In Italy, the economic crisis has spelled prosperity for the mafia, with reports of money laundering rising by 147 per cent in the past two tumultuous years, the deputy director of the Bank of Italy said in a testimony to parliament.
Many of the cases of suspicious transactions involved people linked to the mafia, with a quarter of those reported in the north of the country, an area that has historically been outside the mafia’s grip.
“Money laundering is anti-cyclical, and so it increases in times of crisis,” Anna Maria Tarantola noted to parliament.
The explanation for the phenomenon is fairly simple. Banks fall short on cash in times of crisis, and so criminal networks step in with investments into the real economy.
In fact, organized crime generated a total income of 140 billion euros, or seven per cent of the country’s GDP, and had more cash on hand than any of the country’s banks, a January report by anti-crime group SOS Impresa stated.
Alberto Mingardi, the director-general of the Bruno Leone Institute, an economic think-tank, believes the mafia’s grip on the economy is pretty firm.

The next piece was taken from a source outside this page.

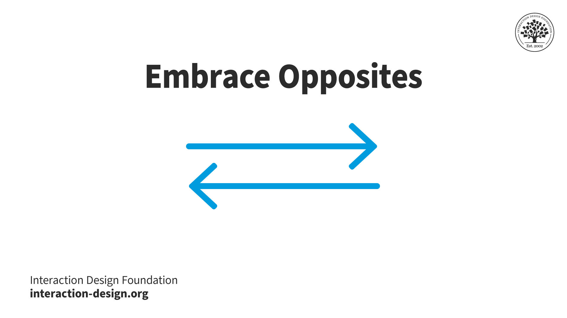 Embrace opposites is a convergent ideation method which designers use to explore their design space by finding overlaps between different categories or opposites. When they chart and compare two apparent opposites, they might find features that are common to both—and ones that are not—and spot new design opportunities.
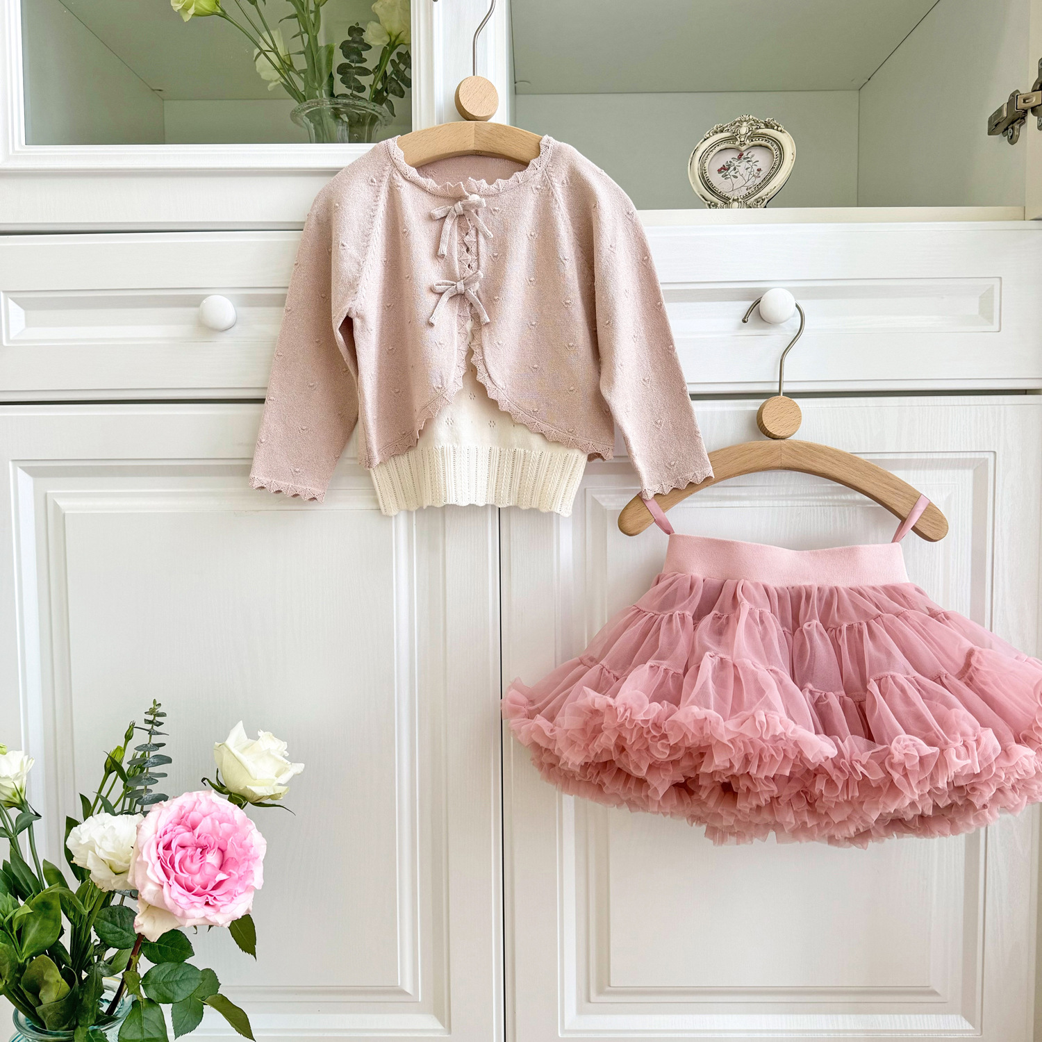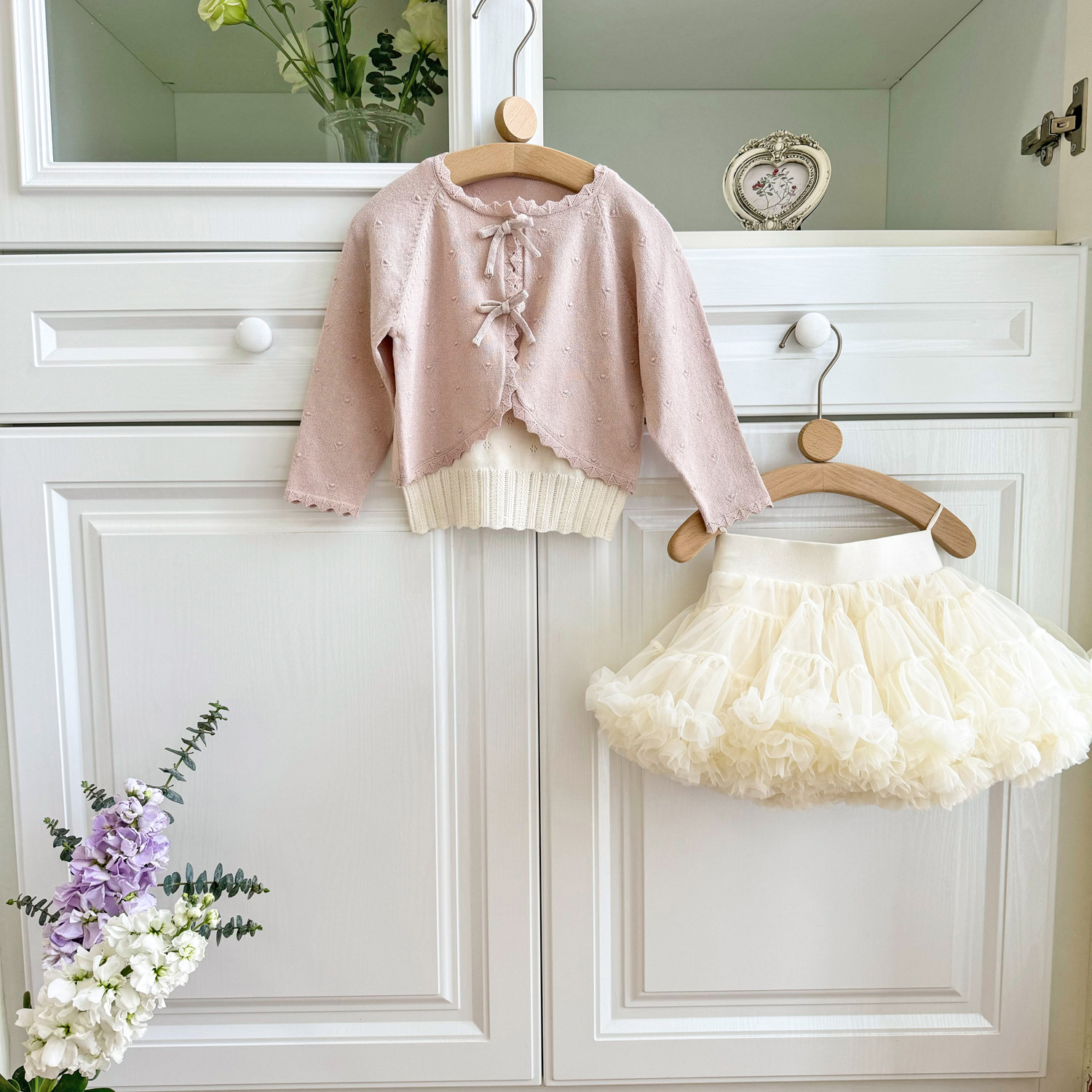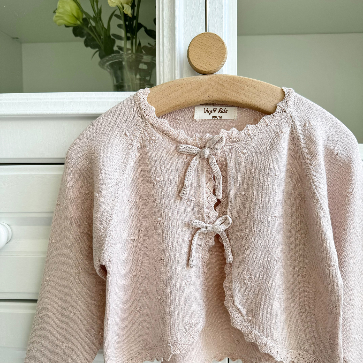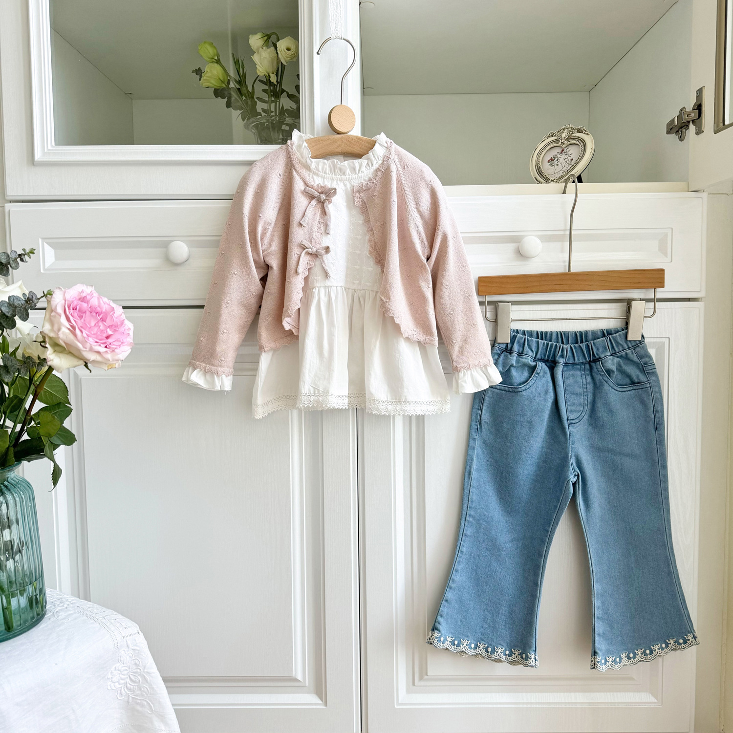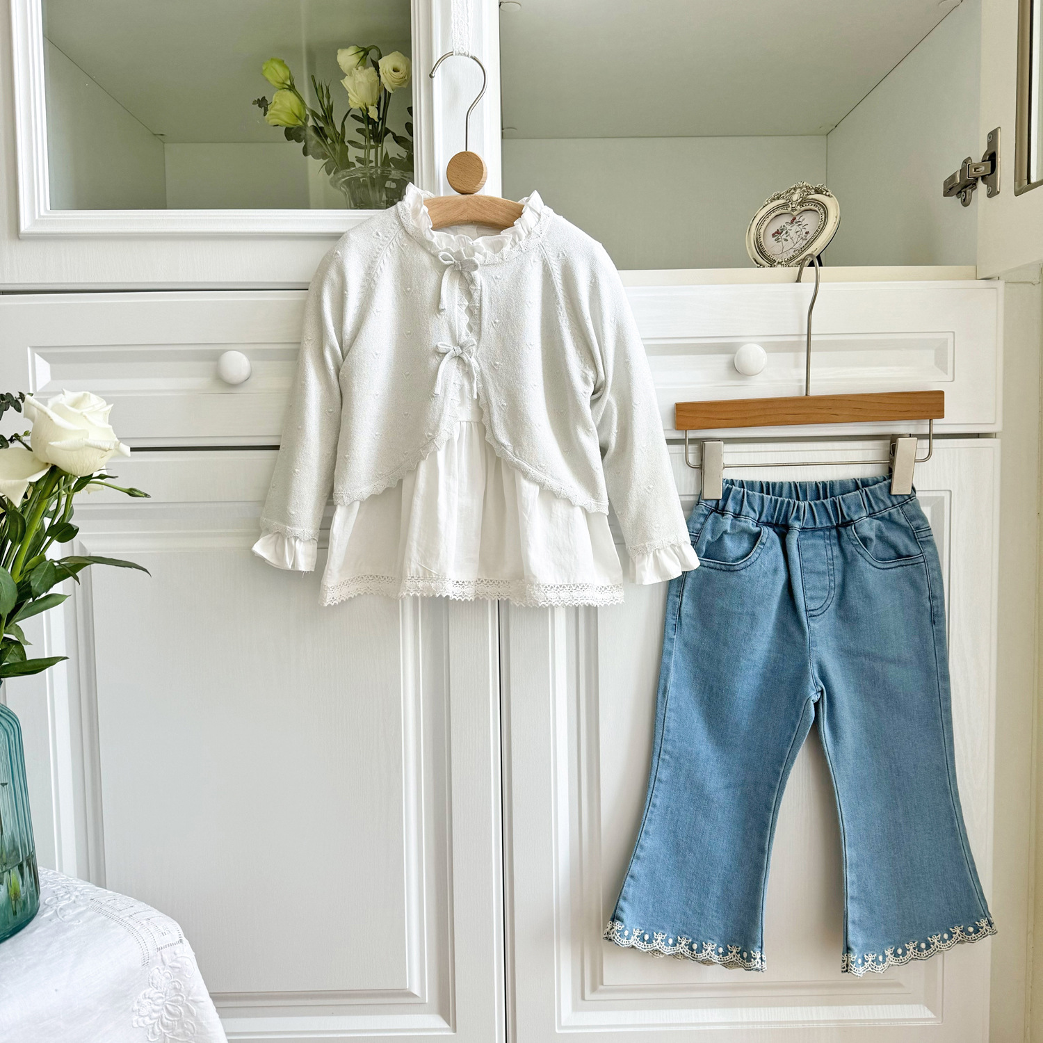 2025 봄 여름 여아 니트 숄 짧은 얇은 실 가디건 수제 귀여운 나비 매듭 은실 니트 에어컨 스웨터스토어 가기

“One thing you can see is the grip of [the] mafia on the Italian economy is particularly strong now because the mafia has cash,” he noted to RT. “And you’ve got plenty of small business, especially in the south and the center of the country that are running short of cash and have some kind of relationship with the mafia because they were forced for many years to buy protection from the mafia. They may turn to the mafia as investors in their capital; they may go into the black sector for getting money they cannot get out of the official banking sector. This is very troublesome.”
Mingardi suggested the government should take notice of the problem, and reduce taxation, so as to make more legitimate money available to Italian businesses in order to reduce their reliance on borrowing from the mafia.